* [Your instructions]: A faithful copy is needed of the lines below from the one with "광주 1113-2번 버스" up to and including the one with "If youβve got"; set it down with no pictures and no other lines.

[[ Data supplied open ]]

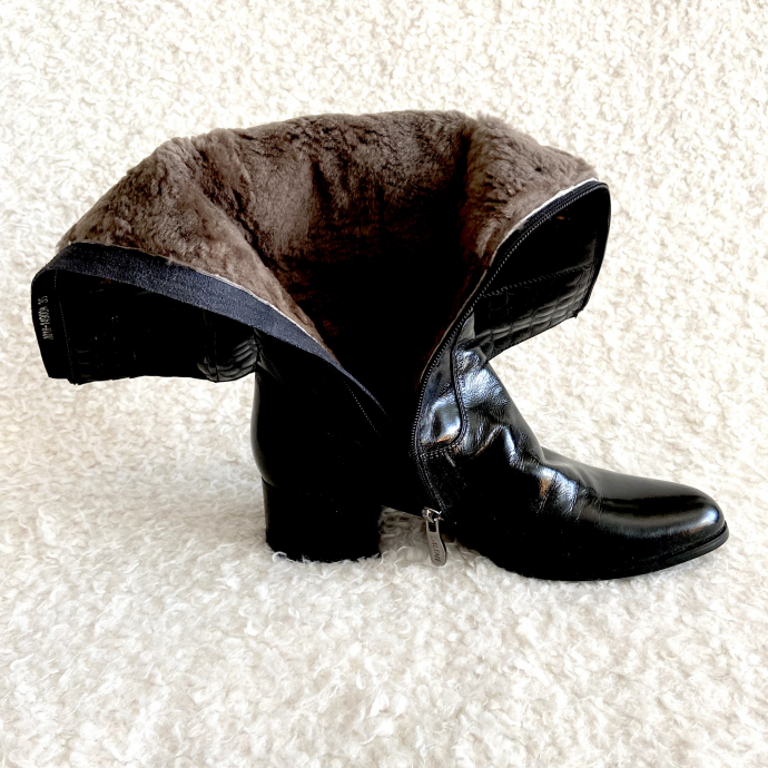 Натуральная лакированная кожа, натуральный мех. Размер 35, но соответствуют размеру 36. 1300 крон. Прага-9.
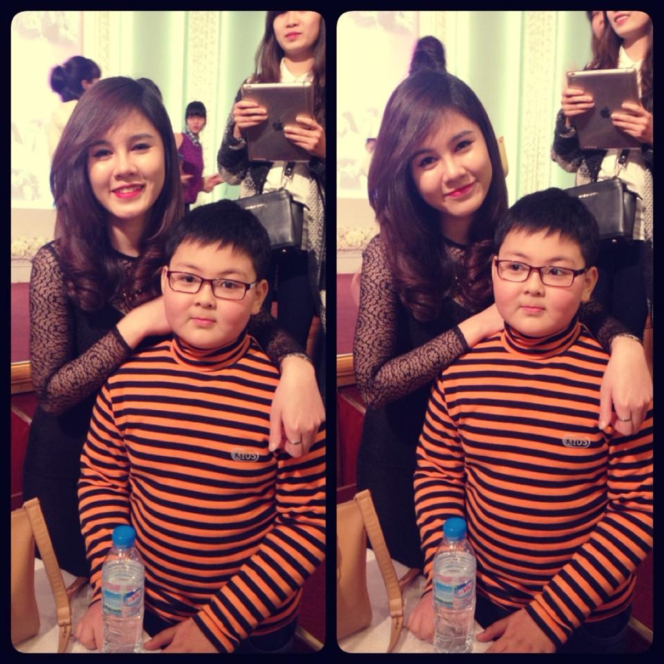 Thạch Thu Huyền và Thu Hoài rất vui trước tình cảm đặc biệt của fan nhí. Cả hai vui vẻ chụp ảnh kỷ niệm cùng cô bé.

[[ Data supplied closed ]]
[[ Data supplied open ]]

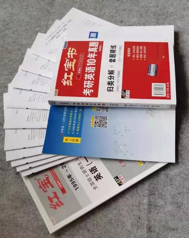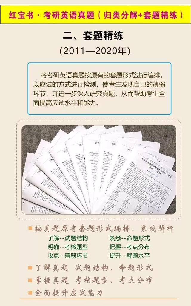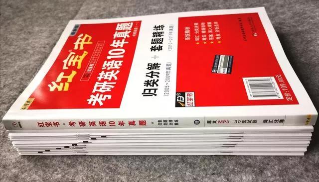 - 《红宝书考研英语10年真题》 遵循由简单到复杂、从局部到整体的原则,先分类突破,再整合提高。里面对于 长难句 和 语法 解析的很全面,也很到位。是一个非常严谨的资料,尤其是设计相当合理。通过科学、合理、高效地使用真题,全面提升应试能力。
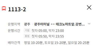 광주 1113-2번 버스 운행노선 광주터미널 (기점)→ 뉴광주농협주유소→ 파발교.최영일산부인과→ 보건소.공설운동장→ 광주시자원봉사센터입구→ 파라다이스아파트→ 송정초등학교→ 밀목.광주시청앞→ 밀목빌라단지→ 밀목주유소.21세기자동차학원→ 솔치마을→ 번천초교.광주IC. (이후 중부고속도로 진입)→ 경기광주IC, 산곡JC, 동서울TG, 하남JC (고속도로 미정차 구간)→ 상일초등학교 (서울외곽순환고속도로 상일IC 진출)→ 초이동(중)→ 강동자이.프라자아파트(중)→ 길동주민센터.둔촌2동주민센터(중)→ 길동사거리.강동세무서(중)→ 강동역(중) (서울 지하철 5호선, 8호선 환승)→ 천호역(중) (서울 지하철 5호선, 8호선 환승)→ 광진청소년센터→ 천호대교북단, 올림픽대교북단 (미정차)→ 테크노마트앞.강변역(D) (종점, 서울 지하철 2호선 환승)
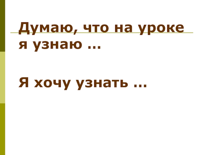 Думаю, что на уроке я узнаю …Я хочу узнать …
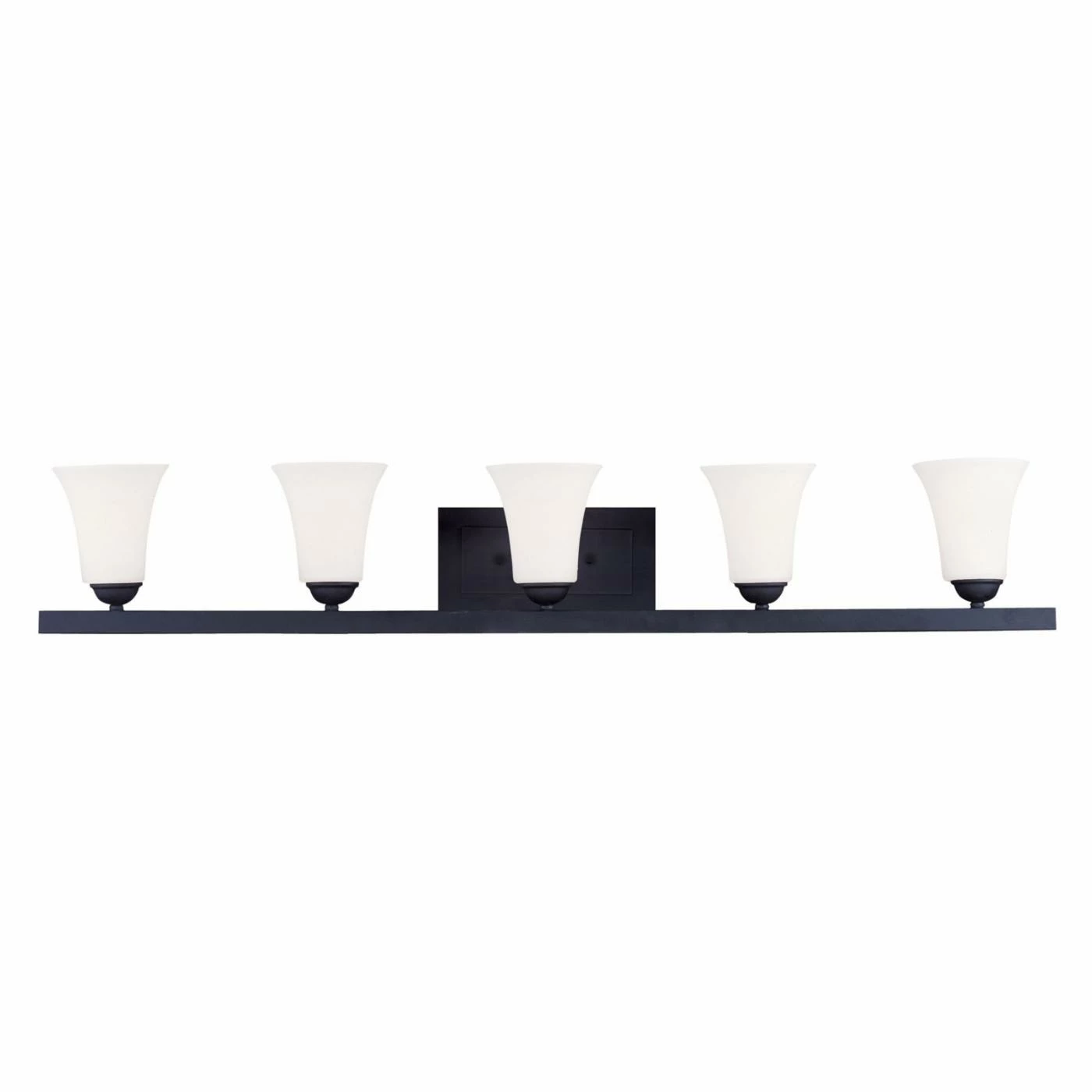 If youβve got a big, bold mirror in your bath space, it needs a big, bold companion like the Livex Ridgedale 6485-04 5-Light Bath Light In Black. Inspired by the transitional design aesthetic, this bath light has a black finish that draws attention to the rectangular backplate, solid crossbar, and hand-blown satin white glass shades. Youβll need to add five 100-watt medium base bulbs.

[[ Data supplied closed ]]

* [Reply]:
 광주 1113-2번 버스 운행노선 광주터미널 (기점)→ 뉴광주농협주유소→ 파발교.최영일산부인과→ 보건소.공설운동장→ 광주시자원봉사센터입구→ 파라다이스아파트→ 송정초등학교→ 밀목.광주시청앞→ 밀목빌라단지→ 밀목주유소.21세기자동차학원→ 솔치마을→ 번천초교.광주IC. (이후 중부고속도로 진입)→ 경기광주IC, 산곡JC, 동서울TG, 하남JC (고속도로 미정차 구간)→ 상일초등학교 (서울외곽순환고속도로 상일IC 진출)→ 초이동(중)→ 강동자이.프라자아파트(중)→ 길동주민센터.둔촌2동주민센터(중)→ 길동사거리.강동세무서(중)→ 강동역(중) (서울 지하철 5호선, 8호선 환승)→ 천호역(중) (서울 지하철 5호선, 8호선 환승)→ 광진청소년센터→ 천호대교북단, 올림픽대교북단 (미정차)→ 테크노마트앞.강변역(D) (종점, 서울 지하철 2호선 환승)
 Думаю, что на уроке я узнаю …Я хочу узнать …
 If youβve got a big, bold mirror in your bath space, it needs a big, bold companion like the Livex Ridgedale 6485-04 5-Light Bath Light In Black. Inspired by the transitional design aesthetic, this bath light has a black finish that draws attention to the rectangular backplate, solid crossbar, and hand-blown satin white glass shades. Youβll need to add five 100-watt medium base bulbs.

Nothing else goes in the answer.